Wegen ihrer Verstrickung In die Affäre um den verbotenen Besitz geheimer Unterlagen der Bundeswehr hat der Luftfahrts- und Rüstungskonzern Airbus 16 Mitarbeiter fristlos gekündigt - darunter auch einen Abteilungsleiter.

Ein Sprecher bestätigte den Vorgang von Mitte September, ohne weitere Details zu nennen. Zuerst berichtete die «Welt am Sonntag».

Verrat von Geschäfts- und Betriebsgeheimnissen

Die Staatswaltschaft München I ermittle weiter in der Sache, sagte eine Sprecherin. Im September war gegen 17 Beschuldigte «und weitere, bislang unbekannte Täter wegen Verrats von Geschäfts- und Betriebsgeheimnissen (bzw. Anstiftung hierzu)» ermittelt worden. Airbus selbst hatte Justizstellen und dem Verteidigungsministerium einen möglicherweise rechtswidrigen Umgang von Mitarbeitern mit Kundendokumenten gemeldet.

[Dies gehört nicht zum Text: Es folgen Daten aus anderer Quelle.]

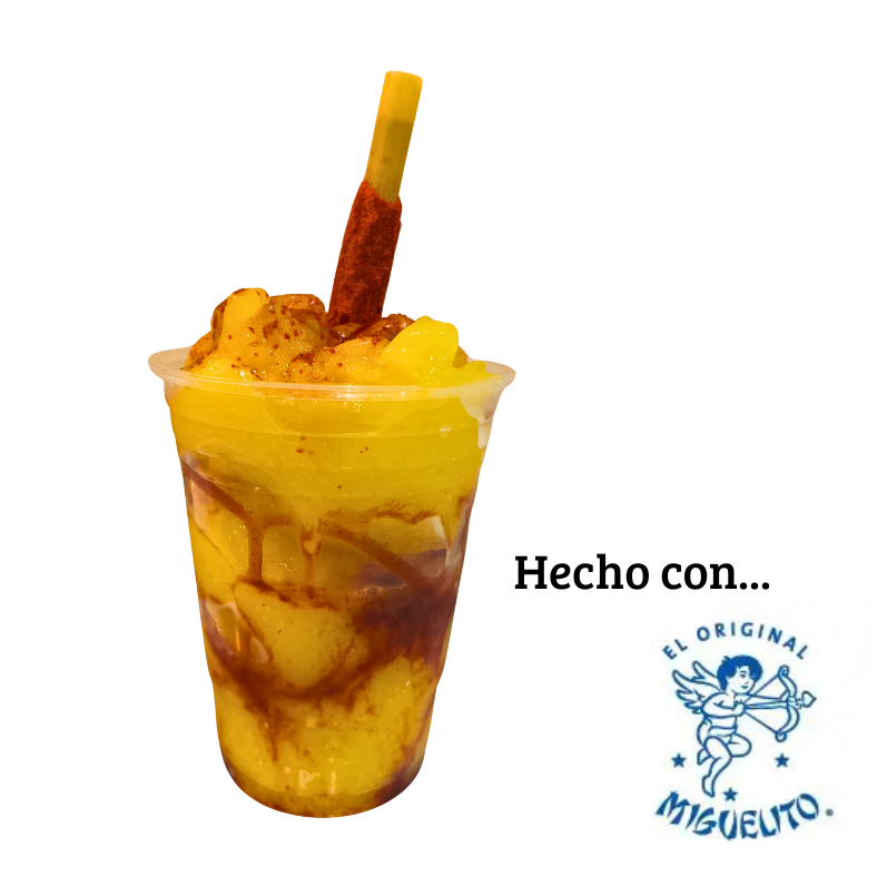 Frappé hecho con base de mango 100% natural, hielo frappeado, un toque picosito de chamoy líquido, topping de mango en trocitos, dulce de Miguelito en polvo y una banderilla de tamarindo enchilado.

Unterste Geheimhaltungsstufe

Die Dokumente stammten augenscheinlich von einer Behörde, die dem Verteidigungsministerium unterstehe und beträfen die unterste Geheimhaltungsstufe VS-NfD, hieß es im September von der Staatsanwaltschaft.

Unter den 16 entlassenen Mitarbeitern war auch ein Abteilungsleiter, wie aus Airbus-Kreisen zu hören war.